Ia terus mendukung dakwah Nabi hingga sepuluh tahun kemudian dengan semua harta kekayaan dan kekuatan yang ia miliki. Meskipun ia harus menderita setelahnya, menerima label sosial, kehilangan harta, diboikot, hingga kelaparan ekstrem, rasa hormat Khadijah kepada suaminya tidak pernah berkurang setitik pun. Dia justru menjadi pilar kekuatan utama bagi Nabi hingga wafatnya.

Cinta Nabi Padanya

Bagi Nabi, Khadijah tak pernah tergantikan dan tak ada yang bisa menggantikannya. Tahun wafatnya disebut dalam sejarah sebagai amul huzni (tahun kesedihan) yang menggambarkan betapa sedihnya Baginda Nabi.

Bahkan, Nabi senantiasa menyebut-menyebutnya sesudah tiadanya. Hingga suatu hari, ibunda kita Aisyah radhiallahu ‘anha tak sanggup menahan cemburunya dan berkata, “Bukankah Khadijah itu hanya seorang perempuan tua yang kedua sudut mulutnya berwarna merah dan Allah telah memberimu ganti yang lebih baik?”

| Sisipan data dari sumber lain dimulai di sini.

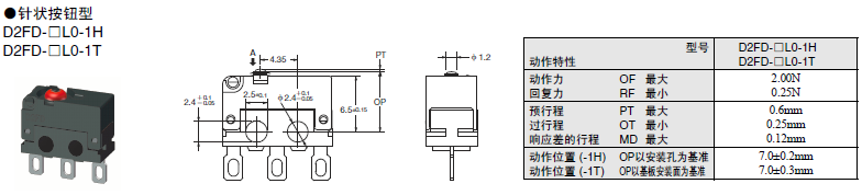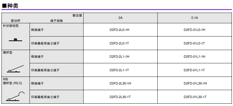 D2FD-2 超級(jí)小型基本開關(guān) 兼具防塵功能的極超小型基本開關(guān) 利用橡膠封裝的密封結(jié)構(gòu)實(shí)現(xiàn)防塵 (IEC IP6X)。可在有灰塵、紙粉的環(huán)境下使用。 可動(dòng)片為1片彈簧構(gòu)造,支持AC125V 2A開關(guān),更有微小負(fù)載型可供選擇。 還備有焊接、印刷基板用端子。

Sontak Rasulullah marah mendengarnya, hingga raut wajah beliau memerah. Lantas, beliau berkata pada Ibunda Aisyah, “Tidak, demi Allah aku tidak diberi ganti yang lebih baik daripada Khadijah. Ia beriman padaku ketika yang lain ingkar, ia membenarkanku ketika semua orang mendustakanku, ia melimpahkan hartanya padaku ketika semua menyembunyikan tangan, dan darinya Allah memberiku keturunan ketika dari istriku yang lain tidak.”

Pada waktu yang lain, tatkala melihat sebuah kalung, tiba-tiba air mata keluar dari pelupuk mata mulia Baginda Nabi, kemudian beliau berkata pelan, “Ini adalah kalung Khadijah.” Ingatan mulia beliau kembali mengenang masa-masa bersama Ibunda Khadijah. Cinta beliau kepada Khadijah tak pernah luntur meski sudah bertahun jasad Ummul Mukminin tersebut berada di dalam tanah.

Keutamaannya

  1. Allah Memberikan Salam padanya

Pada suatu ketika Jibril mendatangi Nabi Muhammad shalallahu ‘alaihi wa sallam sambil mengatakan pada beliau,

  يَا رَسُولَ اللَّهِ هَذِهِ خَدِيجَةُ قَدْ أَتَتْ مَعَهَا إِنَاءٌ فِيهِ إِدَامٌ أَوْ طَعَامٌ أَوْ شَرَابٌ فَإِذَا هِيَ أَتَتْكَ فَاقْرَأْ عَلَيْهَا السَّلَامَ مِنْ رَبِّهَا وَمِنِّي وَبَشِّرْهَا بِبَيْتٍ فِي الْجَنَّةِ مِنْ قَصَبٍ لَا صَخَبَ فِيهِ وَلَا نَصَبَ

Wahai Rasulallah shalallahu’alaihi wa sallam, ini Khadijah telah datang. Bersamanya sebuah bejana yang berisi lauk, makanan, dan minuman. Jika dirinya sampai katakan padanya bahwa Rabbnya dan diriku mengucapkan salam untuknya. Dan kabarkan pula bahwa untuknya rumah di surga dari emas yang nyaman tidak bising dan merasa capai.” (HR. Bukhari no. 3820. Muslim no. 2432).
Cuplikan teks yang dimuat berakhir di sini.